The Sleepwalker

“Well, you don’t have to stop because of me. I feel bad enough as it is that you’re stuck here.”


“I told you the other day: don’t feel bad. I’m not just here for you and Dad. I’m here for me. I’m not ready to go back to school.”

“Would you do me a favor?”

“Probably.”

“My coach was telling me that it’s time for me to go away in the summer, so I can keep skiing. Swimming is good, but it’s not skiing. He thinks two of us—me and Lucy—are ready for Chile. We would spend part of next summer there training.”

My first reaction was that Paige would be thirteen next summer. In Chile. I thought of all those little girl gymnasts in Russia and Romania and, I guessed, the United States who had no childhood because they were always in training. I wondered who the adults would be who would be caring for the kids like my sister.

“Would Coach Noggler be there?”

“Of course not! It’s not like he’s my private coach. It’s, you know, a summer camp. It’s just a summer camp for really good skiers.”
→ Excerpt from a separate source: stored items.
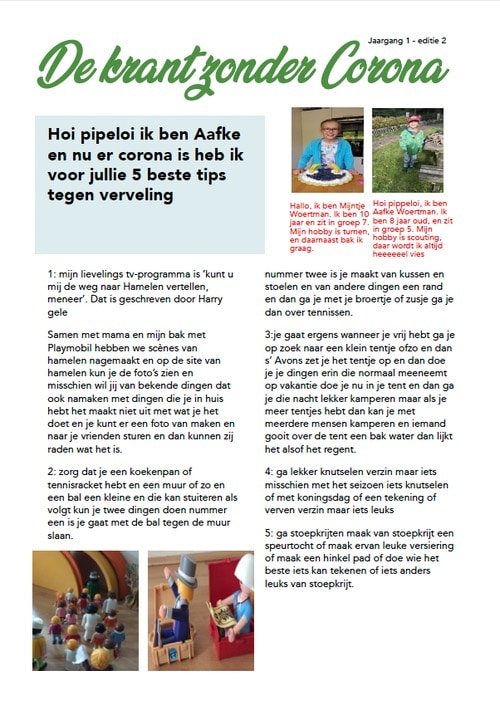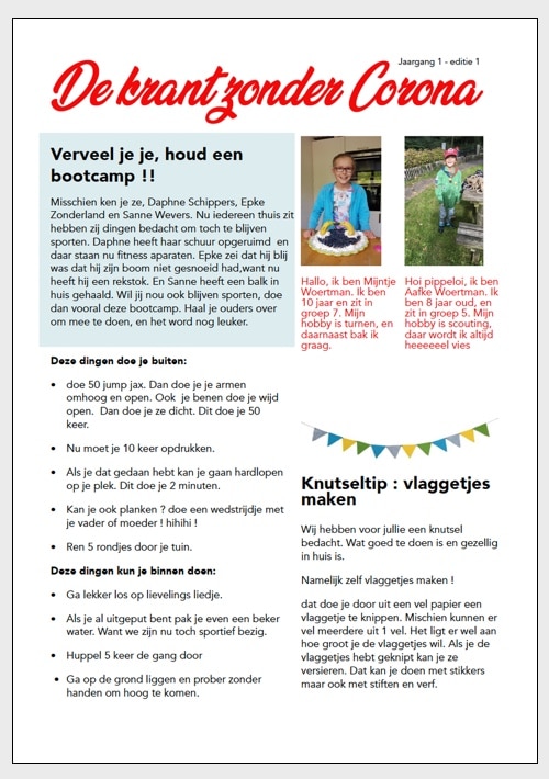de krant zonder corona3 Mijntje (10) en Aafke (8) hebben een krant zonder Corona gemaakt. Gewoon om even een dagje zonder Corona nieuws te beleven. Dus, ben je het ook een dagje zat om alleen maar vreselijk nieuws te bekijken – geniet dan van deze mooie krant.Eerste editieTweede editieGeplaatst in Nieuwe producten← Corona – 5 activiteiten waar iedereen aan mee kan doenEen plasticvrije vakantie →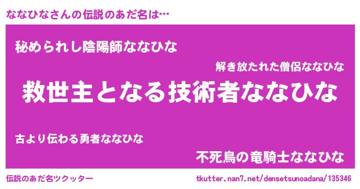 | 男性向けラノベタイトル風あだ名 | 『ノーゲーム・ノーナナヒナ』 |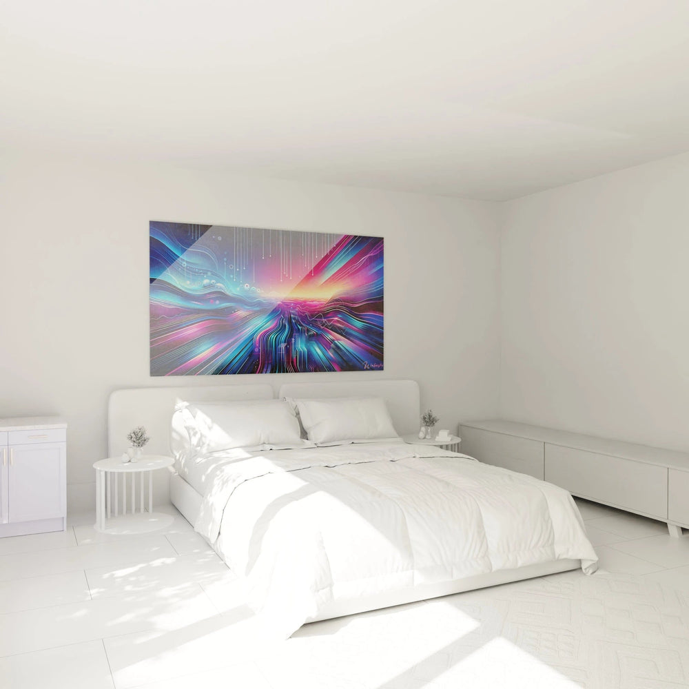 Imaginez un instant un horizon économique et vibrant, où l'énergie du futur se mêle à la poésie des couleurs. Le Tableau Aurore Cybernétique - Édition Abstrait incarne cette vision unique, transformant votre espace en un sanctuaire de lumière et de dynamisme.

“So, what do you want from me? What’s the favor? Do you want me to lobby with Dad so he lets you go?”

“He’ll let me go. He won’t care.”

“Of course he’ll care! What are you talking about?”
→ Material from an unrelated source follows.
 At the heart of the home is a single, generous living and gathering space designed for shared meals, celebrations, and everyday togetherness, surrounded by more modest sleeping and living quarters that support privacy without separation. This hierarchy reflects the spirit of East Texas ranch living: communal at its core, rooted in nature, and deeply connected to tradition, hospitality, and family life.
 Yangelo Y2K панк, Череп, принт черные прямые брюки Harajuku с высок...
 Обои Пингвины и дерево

“He loves me, I get it. I just meant he’s in la-la land. I need you to help me do stuff like get a visa and fill out the forms.”

“How long is the camp?”

“Either two weeks or four weeks.”

“Wow. A month in Chile. Not shabby.”

“Think of how easy your life will be.”

I shook my head. “You don’t make my life hard.”

“Yeah, right.”

“I’ll talk to Dad,” I said. “I’ll bring it up at dinner tonight. And maybe after dinner you can show me the website for the camp so I can get the full scoop. And I’ll call your coach tomorrow.”

“Thank you. And one more thing.”

“What?”

“We need to make sure I’m not sleepwalking by then.”

“I talked to Dad. I told him.”

“I know, he talked to me, too. But he didn’t seem that worried. And my appointment at the sleep clinic isn’t for, like, six or seven weeks.”

I was relieved. I hadn’t realized that our father had scheduled an appointment. “Have you had another event?” I asked.

“No.”

“Okay, then. You’ll have seen someone at the sleep center months and months before Chile. All good.”

“When’s yours?”

“When’s my what?”

“Your appointment.”

“I’m not going to the sleep center. Not an issue in my life.”

“You know that’s not true. Dad told me it once was. He said you were the sleepwalker before Mom. He wants you to go to the sleep center, too.”

“He does?”

“Uh-huh.”

“He’s made me an appointment?”

“I think so.”

“Well, that’s news to me,” I said, but I made a mental note to talk to our father about this. I hoped he was merely trying to make Paige feel less singled out and alone, but I felt jittery inside. In truth, I knew very little about my own personal history with parasomnia.

“So, you’ll keep your mind open about Halloween?” I asked, mostly to bring the conversation back to a topic that didn’t cause either of us anxiety. “I don’t want you to be disappointed when you wake up on November first.” I glanced at her and decided that she was at least considering the notion. Then she reached for the radio and scanned the stations until she found a song we both liked.



After dinner, in the dark, I walked toward the streetlights in the center of Bartlett. I had cleared the table, as I did always, so neither my father nor Paige would have to. My sister could do her homework and my father could read or watch TV and sip at his scotch until he dozed off. But then I had a change of heart and decided I would clean up later: I left the dishes in the sink and on the counter, went to my bedroom for my dope and my pipe and one of my college hoodies, and I started off toward the village. At dinner I hadn’t mentioned that the minister had come by, though I had told Katherine that I would let my dad know. Nor had I confronted him about what the minister had said about closure; I hadn’t asked him why he hadn’t spoken to me first. I didn’t want to have this conversation in front of Paige. I wasn’t sure I wanted to have this conversation at all. A memorial service? It was too soon. It angered me that my father was giving up so publicly. First Paige. Now my dad. Didn’t he have an obligation to carry the torch the longest?

Instead I had brought up Paige’s sleepwalking over dinner, and her appointment at the sleep center.

“Yes,” my father said. “It’s not for a little while, but I believe we have Dr. Yager’s very first opening.”

“And me? Paige said you thought I should go, too.”